──────── INFORMATION ────────
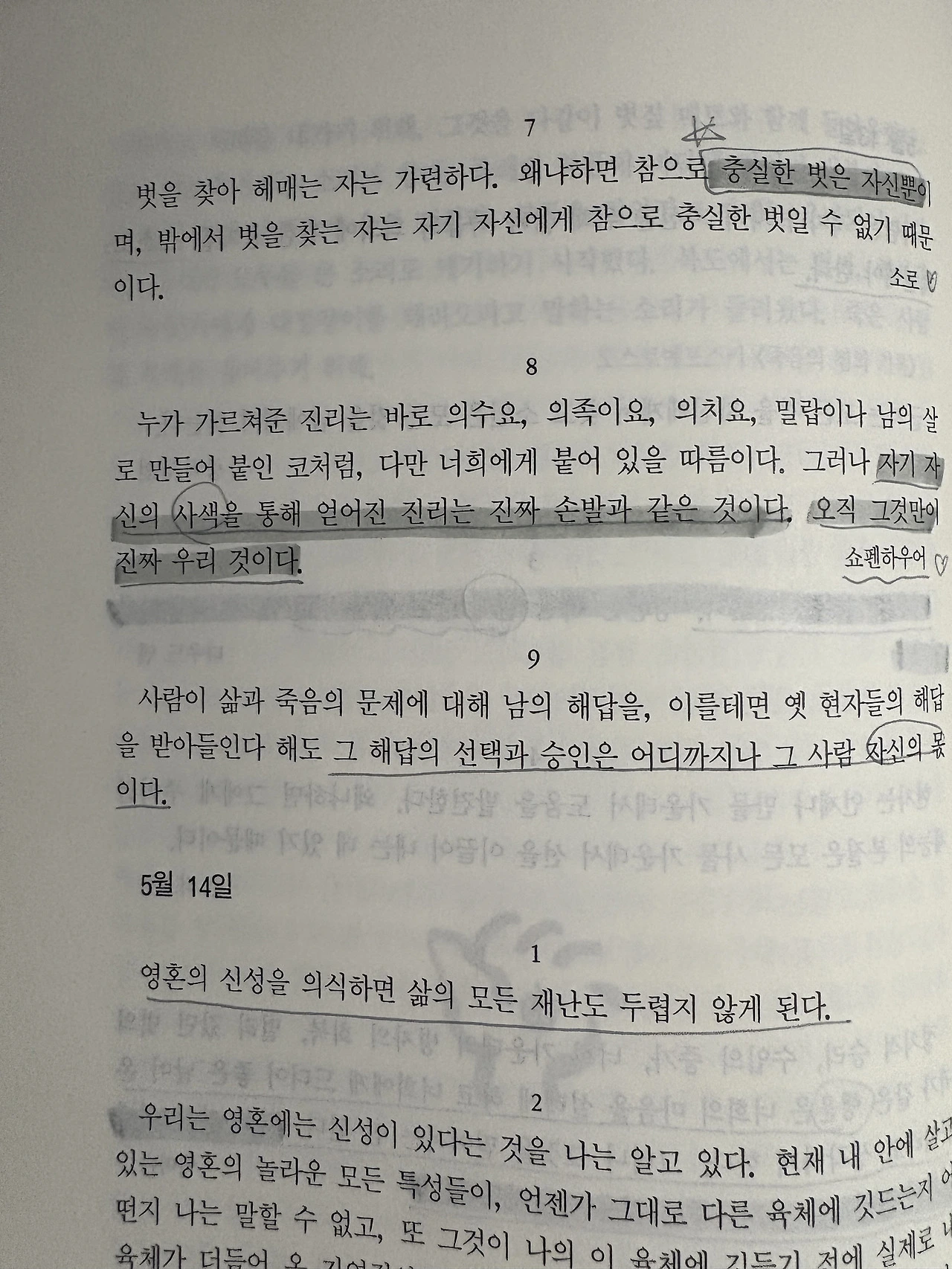 오늘 펼쳐 읽은 곳은 "자기 자신"에 대한 이야기가 주로 나온다.
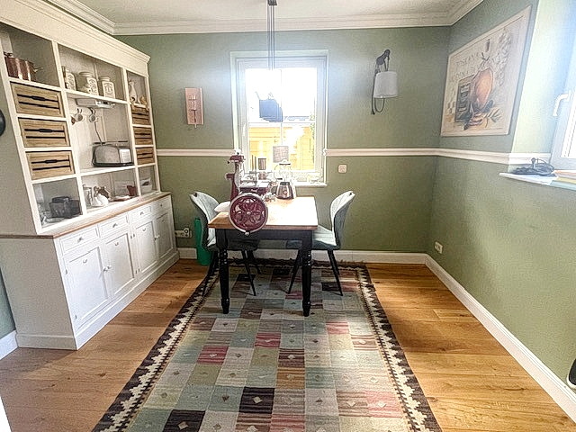 Der angrenzende Essbereich bietet ausreichend Platz für gemeinsame Mahlzeiten mit Familie und Freunden.
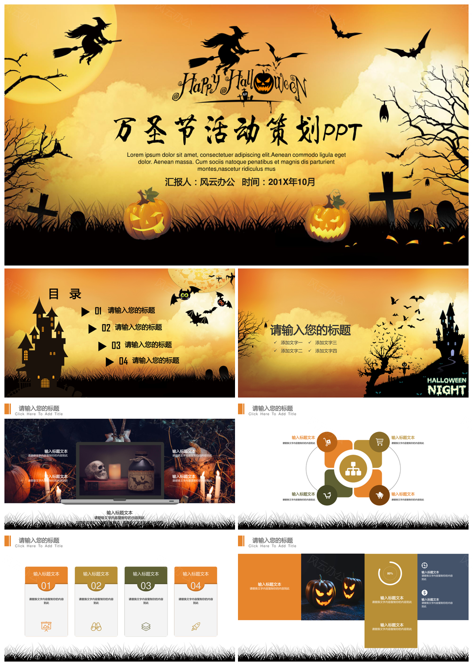 这是一张万圣节活动策划PPT模板,包含万圣节、活动、策划等主题内容,也可用作万圣节、活动、策划 万圣节活动策划、万圣节活动、活动策划等PPT场景使用。 风云办公提供的万圣节活动策划PPT模板,下载格式为pptx,一共24页,作品中文字及图均可以修改和编辑,图片更改请在作品中右键图片并更换,文字修改请直接点击文字进行修改。
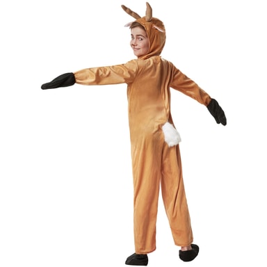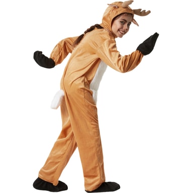 Unisexkostymet Lekent rådyr er i én del og består av en kjeledress, en hette, hansker og sko. Kostymet er fremstilt av okerfarget plysjstoff. På mage- og brystområdet er det en hvit kunstpels. Kjeledressen lukkes på baksiden ved hjelp av en lang glidelås. Under glidelåsen er det en liten hjortehale som ser svært ekte ut. Hetten åpnes og lukkes ved halsen ved hjelp av en borrelås. På hetten er det festet et par ører og et gevir. Kostymet fullendes med passende hansker og sko i mørk filt med elastisk linning, materiale: 100 % polyester.
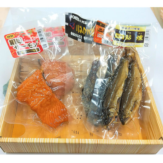 鮎と虹鱒、そして愛知県ブランド魚「絹姫サーモン」の燻製詰め合わせです。新鮮な魚を丁寧に下処理した後、さくらチップで燻しました。独自の製法を用いる事で、頭から骨まで丸ごと食べられるよう柔らかく仕上げました。魚の旨味が凝縮され、燻製の匂いが食欲をそそります。
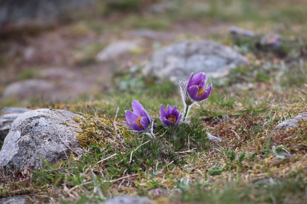 Vi passerar genom en grind och hamnar direkt på en öppen hagmark. Här hittar jag den första buketten backsippor för dagen. Som jag så klart inte kan låta bli att fotografera.
────────
PROBLEM: Reproduce exactly and only the lines from the "Unisexkostymet Lekent rådyr" line to the last line of the records above. Do not carry over any pictures.

ANSWER SPACE:
 Unisexkostymet Lekent rådyr er i én del og består av en kjeledress, en hette, hansker og sko. Kostymet er fremstilt av okerfarget plysjstoff. På mage- og brystområdet er det en hvit kunstpels. Kjeledressen lukkes på baksiden ved hjelp av en lang glidelås. Under glidelåsen er det en liten hjortehale som ser svært ekte ut. Hetten åpnes og lukkes ved halsen ved hjelp av en borrelås. På hetten er det festet et par ører og et gevir. Kostymet fullendes med passende hansker og sko i mørk filt med elastisk linning, materiale: 100 % polyester.
 鮎と虹鱒、そして愛知県ブランド魚「絹姫サーモン」の燻製詰め合わせです。新鮮な魚を丁寧に下処理した後、さくらチップで燻しました。独自の製法を用いる事で、頭から骨まで丸ごと食べられるよう柔らかく仕上げました。魚の旨味が凝縮され、燻製の匂いが食欲をそそります。
 Vi passerar genom en grind och hamnar direkt på en öppen hagmark. Här hittar jag den första buketten backsippor för dagen. Som jag så klart inte kan låta bli att fotografera.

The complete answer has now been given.